According to the most recent report by Statistics SA, breast cancer is the most commonly diagnosed cancer in women in South Africa, accounting for 23% of all cancers. It is also one of the most deadly, representing 17% of cancer deaths in women, just behind cervical cancer.
The Stats SA report lists “awareness of the symptoms and need for screening” as the main intervention to reduce the risk of death by breast cancer. The report also draws attention to the discrepancy in mortality rates in different population groups. For example, Coloured women have a relatively low incidence of breast cancer, but a high mortality rate – meaning that they are dying of breast cancer after being diagnosed too late. Stats SA points out that this is likely due to “poor access to cancer treatment facilities” as well as a lack of medical aid coverage. It is perhaps unsurprising that Black and Coloured women are the groups least likely to have medical aid in South Africa.
There are also some NGOs trying to step in to fill the gaps, like the aptly named I Love Boobies or the PinkDrive. These organisations make it their mission to give women a fighting chance to beat breast cancer. They provide free screenings to women around the country who would otherwise not be able to afford this necessary medical care.
I am one of the lucky ones. I officially went into remission on 30 August 2023 when I had a lumpectomy to remove the tumour in my right breast. Remission means that the cancer can no longer be detected in your body through scans and blood tests. It doesn’t mean you’re “cured”. There could still be cancerous cells in the body, which is why cancer is also often treated with radiation like mine was. Some people prefer not to use the term “survivor” until they have been in remission for over five years.

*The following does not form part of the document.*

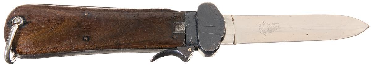 Produced by SMF in Solingen around 1943. Double edged blade, 3 4/5" long, with spear point and makers mark on one side over the "INOX" stainless steel marking. Blue finished hilt hardware, with smooth wood grip slabs, lanyard swivel and a 3 2/5" folding spike.

Five years is an important milestone for many people diagnosed with cancer. It’s often the period in which someone is most likely to suffer a relapse. I live with the possibility that my cancer will come back every day; I am reminded by my scars and by the fact that I am still recovering physically and mentally from a traumatic year. I still battle with periods of fatigue and depression and I will never be the same person I was before falling ill.
Still, remission is better than relapse. So far, so good. I continue to see my myriad of doctors every few months for scans and tests and examinations to check that nothing has come back yet and I feel like I’m getting stronger.
Almost a year to the day after I went into remission, my fiancé and I ran the Johannesburg Women’s Race in support of the PinkDrive. A mobile health unit was parked on the field in Mark’s Park offering free screenings all morning, which women were queuing up to access after the run. The festive atmosphere was bittersweet to me. Certainly, some of the women in that line would not know that they were starting on a long and painful journey, a journey which sometimes feels like it has no end. Hopefully, they would be starting early enough to be given a chance to become a survivor.
There’s another meaning of “remission” I wasn’t aware of until I looked it up. It can also be defined as “a cancellation of debt”. No-one with cancer should have to crowdfund in order to get treatment, but that is the reality we are faced with in our country. This October, I encourage everyone to contribute in whatever way they can to a cancer survivor’s remission. Join the Imagine Challenge, try a secret swim, pick up a pink bottle of milk or a scrunchie, support someone raising funds on GivenGain, get yourself examined. Every one of us can join the fight against breast cancer.